How to do Invitation flow properly?

My use case is bulk invite. I have a set of emails and I want Auth0 to send out emails where users:

  1. verify their email
  2. set their passwords (possibly set their First Name Last name and Phone)

Seems like a very very common flow to me.

I’ve read this: https://auth0.com/docs/design/creating-invite-only-applications
and I’ve read this: About the invitation-only flow

It’s a little underwhelming to be honest.

  1. Can bulk import return user IDs?
  2. How do I wait for user to verify his email and trigger password change automatically?
  3. is it expected that the application sends out emails?
  4. Can email verification and password set be turned into single step?

Is proper Invite feature on the roadmap in near future?

Hi @oliver.janik,

Welcome to the Community!

Hopefully I can answer some questions here and point you in the right direction.

Bulk import will not return user IDs. You can do an export after you have successfully created the users to get a JSON file with the users, but this may not be necessary. See below.

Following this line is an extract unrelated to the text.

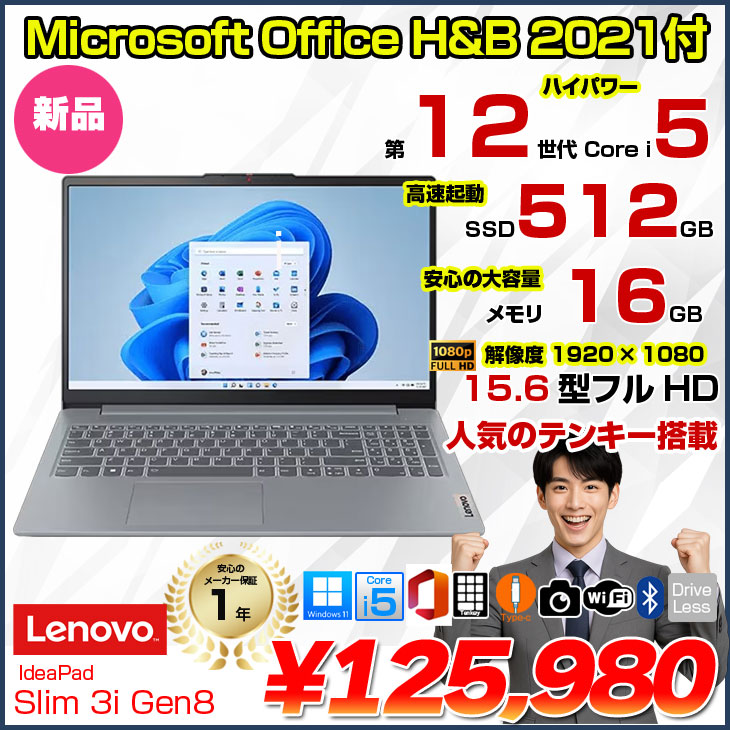 ★【新品 OfficeH&B 2021付 Lenovo IdeaPad Slim 3i Gen 8 83ER00ETJP Win11Home [Corei5 12450H 16GB SSD512GB 無線 指紋 テンキー カメラ 15.6型] :新品

You can accomplish the email verification and password reset with just a password reset email. See the mark_email_as_verified option in the password change job endpoint.

Also, if you know the user email and connection ID, then you should be able to request a password reset with that endpoint (i.e. no user id required). See the schema in the link above for details.

In summary:

  • Import your users
  • Run a script that posts to the password change ticket endpoint for each user. You need to plan for management API rate limits. This can be in your invite email.

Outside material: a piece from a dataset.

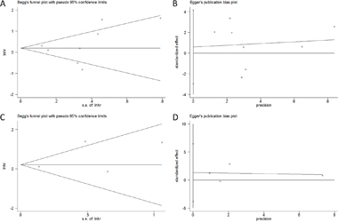 Figure 5: Publication bias in the meta-analysis. A. Begg’s test for OS; B. Egger’s test for OS; C. Begg’s test for DFS; D. Egger’s test for DFS.
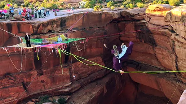 رکنا: یک زوج مراسم عروسی خود را به همراه بندبازی روی یک دره برگزار کردند.

Let me know if you have questions,
Dan

Thanks for your reply I found mark_email_as_verified after I posted the question.

Few more questions:

  1. Can users set their First name and Last name during the reset password process?
  2. When I get password reset ticket, how do I fire the password reset email using the ticket?
  3. Is this doco page out of date? https://auth0.com/docs/design/creating-invite-only-applications

Cheers!

Not that I know of…maybe with some serious workarounds.

Can I propose a different solution? Use a redirect rule to check if that info is set, and if not to do it in a seperate form. This is a typical flow and users are used to this type of progressive profiling.

If you want to use the internal Auth0 email template service you don’t need an pw reset ticket (the ticket is essentially just a URL, typically you use this if you are providing your own email service. It is more flexible). You should request a change password email be sent.

I would agree with that statement. I will let the team know.

Let me know if you have any other questions!

This topic was automatically closed 15 days after the last reply. New replies are no longer allowed.